Marfan syndrome is one of the most common single gene abnormalities. First described by Antoine Marfan 118 years ago, the syndrome has shown remarkable pleiotropisms because it is being recognized more widely in “asymptomatic” individuals. Seventy to eighty percent of affected individuals develop aortic root dilatation and somewhat fewer patients develop mitral and aortic valve abnormalities, which account for the gravest manifestations of this connective tissue disease. In addition to the commonly found skeletal manifestations, dural ectasia is reported in > 90% of patients on MRI and CT scan studies.
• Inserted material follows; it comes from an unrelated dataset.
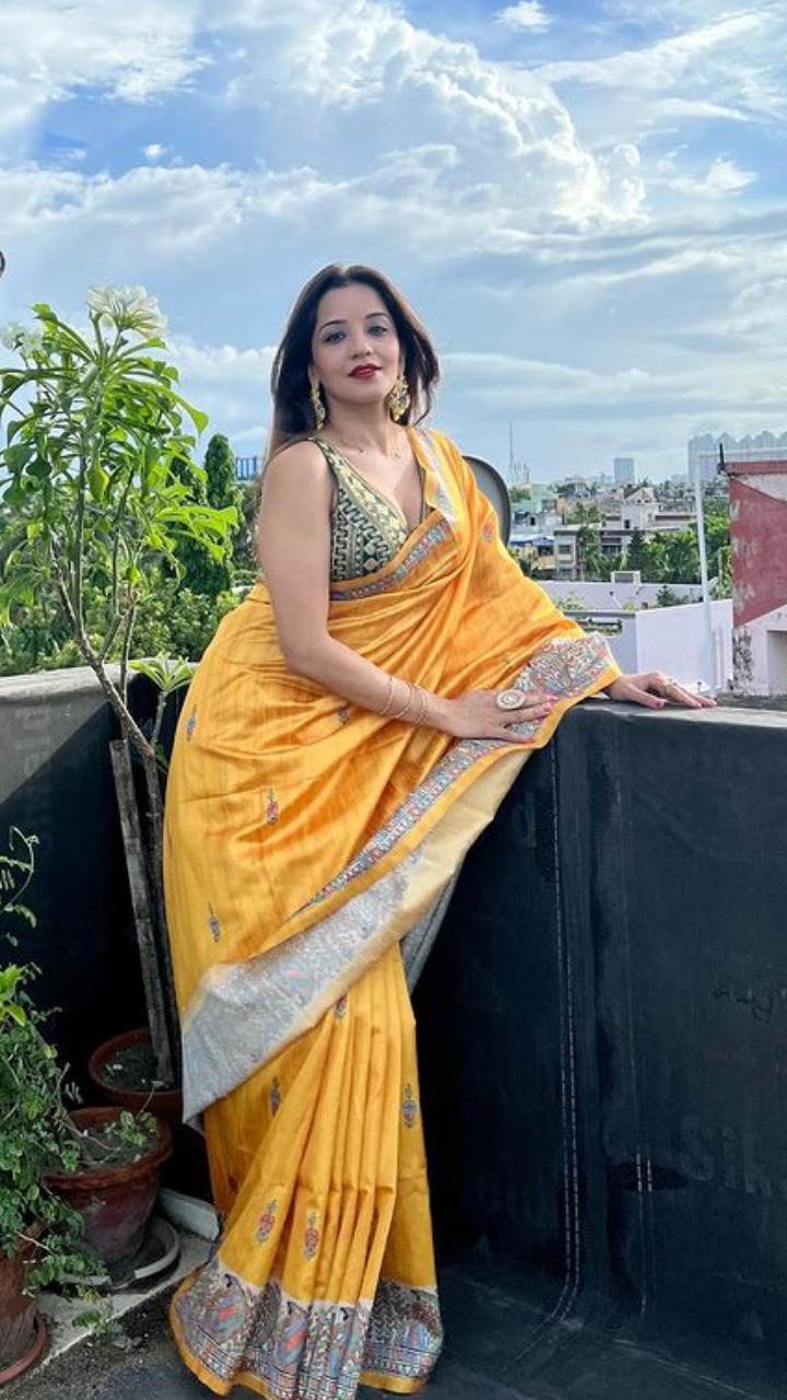 मोनालिसा की ये साड़ी दिलावी की लिए एक परफेक्ट ऑप्शन हैं।

After nearly 80 years since the initial diagnosis of the syndrome, on somewhat inconsistent phenotypic criteria, a consensus document, the Berlin nosology, attempted to standardize the phenotypic diagnosis. A more recent and more detailed revision, the Ghent Criteria in 1996, facilitated a more specific and sensitive phenotypic diagnosis of Marfan syndrome; the criteria include available genetic data. Microfibrills have been thought to contribute to the structural integrity of connective tissue. In the late 1980s, quantitative elastin-associated microfibrillar analysis of skin fibroblasts via indirect immunoflourescence staining pointed to a deficiency of the glycoprotein, fibrillin, as the possible cause of Marfan syndrome.
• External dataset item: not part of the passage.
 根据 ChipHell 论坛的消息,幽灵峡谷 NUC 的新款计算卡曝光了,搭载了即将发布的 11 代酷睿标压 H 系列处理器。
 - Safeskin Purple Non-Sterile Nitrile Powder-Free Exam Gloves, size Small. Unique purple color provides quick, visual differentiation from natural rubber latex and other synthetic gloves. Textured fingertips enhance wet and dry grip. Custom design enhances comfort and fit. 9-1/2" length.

More recently, it has been demonstrated that normal fibrillin-1 contributes to cell signaling activity by binding to the protein transforming growth factor beta (TGF-β).
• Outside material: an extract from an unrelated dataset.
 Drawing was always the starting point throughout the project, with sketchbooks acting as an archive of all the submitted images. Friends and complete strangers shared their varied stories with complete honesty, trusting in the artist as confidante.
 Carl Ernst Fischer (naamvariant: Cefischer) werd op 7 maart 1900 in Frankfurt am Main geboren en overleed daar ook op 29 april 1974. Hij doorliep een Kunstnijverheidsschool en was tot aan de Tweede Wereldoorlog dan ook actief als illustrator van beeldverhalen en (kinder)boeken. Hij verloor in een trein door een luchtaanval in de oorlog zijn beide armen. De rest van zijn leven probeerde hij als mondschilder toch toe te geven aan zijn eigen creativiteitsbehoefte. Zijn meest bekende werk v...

Abnormal TGF-β regulation and gene expression have deleterious effects on arterial wall development as well as on extracellular matrix formation. It has been demonstrated that abnormal as well as deficient fibrillin and excessive TGF-β levels weakens cardiovascular tissues and causes the features of Marfan syndrome. It has been demonstrated that angiotensin II receptor antagonists (ARBs) also reduce TGF-β, ARBs (e.g., losartan) in the animal lab, and reduced and even reversed (in some cases) aortic root dilatation. Losartan is being evaluated in a small study of pediatric Marfan syndrome patients. The results will be available in the near future.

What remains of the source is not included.